OpenAI says AI hallucinations persist because models are rewarded for guessing
OpenAI’s latest research makes a blunt point: large language models keep making things up because the industry still rewards them for guessing. That sounds obvious, but it cuts against how many models are built, tuned, and benchmarked. The standard s...
OpenAI says AI hallucinations persist because we keep scoring models the wrong way
OpenAI’s latest research makes a blunt point: large language models keep making things up because the industry still rewards them for guessing.
That sounds obvious, but it cuts against how many models are built, tuned, and benchmarked. The standard scoreboard still centers on raw accuracy. Get the answer right, you score a point. Admit uncertainty, you often get nothing. Under that setup, a model that guesses confidently and gets lucky can look better than one that knows when to stop.
For anyone shipping AI into coding tools, internal search, customer support, or analytics workflows, that’s a product problem, not an academic one.
Why the argument holds up
OpenAI ties hallucinations to incentives at two levels.
First, pretraining teaches a model to predict the next token, not to check whether a claim is true. That works well for fluency and pattern completion. It does not produce a truth machine. Ask for a niche fact, like a dissertation title or a date of birth that barely shows up in training data, and the model may give you a polished answer with no grounding behind it.

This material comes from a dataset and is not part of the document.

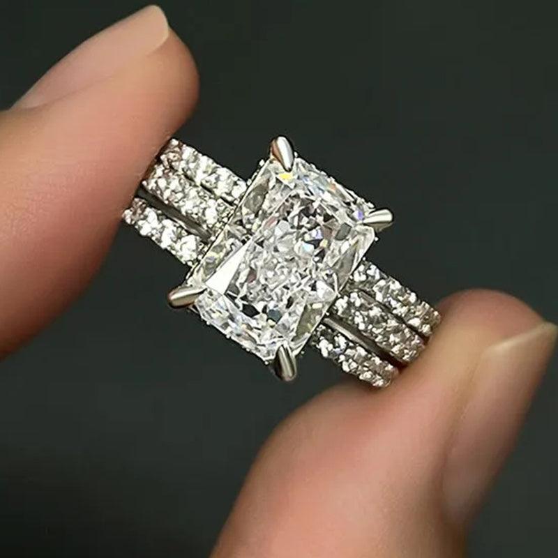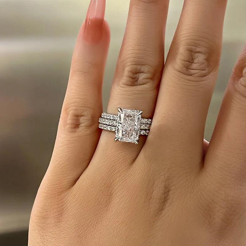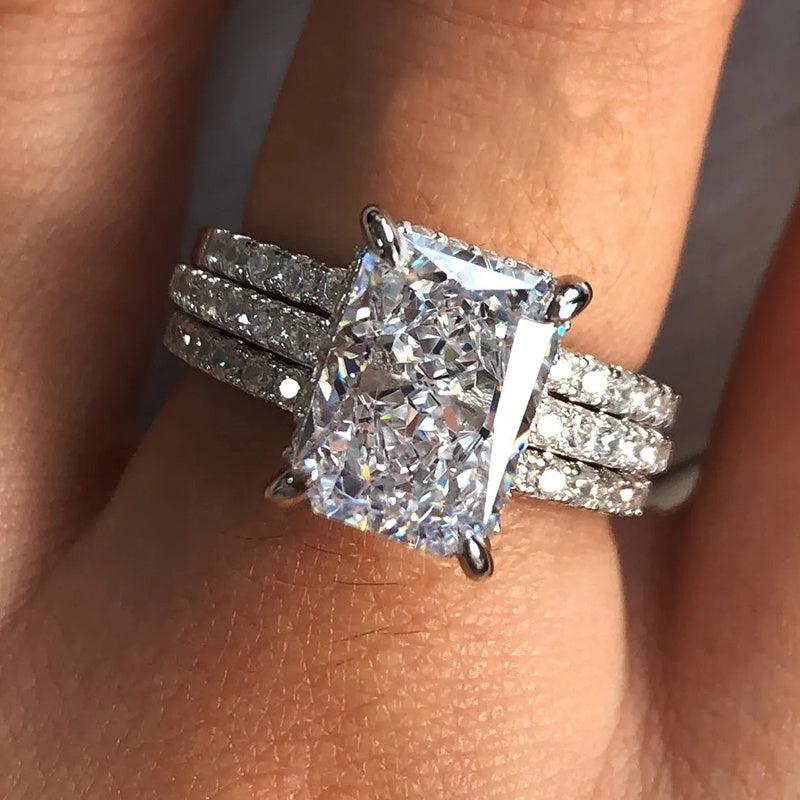 This set includes 3 elegant ladies' wedding rings with sparkling square zirconia stones. Perfect for weddings, banquets, and special occasions.

Second, post-training often pushes models to be helpful, coherent, and responsive. Fine. But in practice, “helpful” often slides into “always answer.” If your reward model prefers polished assertions over hesitation, you’re training the system to treat uncertainty as failure.
Then evals finish the job. Most benchmarks still treat abstaining as a miss. So the model learns the obvious lesson: answer anyway.
OpenAI’s fix is straightforward:
- penalize confident wrong answers harder
- give credit for calibrated uncertainty
- make abstention-aware scoring a primary metric, not a side metric
That matters because current leaderboards hide an ugly trade-off. A model can improve its benchmark score by suppressing uncertainty and guessing more often, even if that makes it less reliable in real use.
Accuracy alone is a weak metric for decision systems
This isn’t new in statistics or machine learning. The LLM world has just been slow to absorb it.
If a system has to act under uncertainty, raw correctness only tells part of the story. You also need to know whether its confidence matches reality. A model that says “95% sure” and is right 60% of the time is badly calibrated. A model that says “I’m not sure” and routes to retrieval may look worse on a benchmark and work better in production.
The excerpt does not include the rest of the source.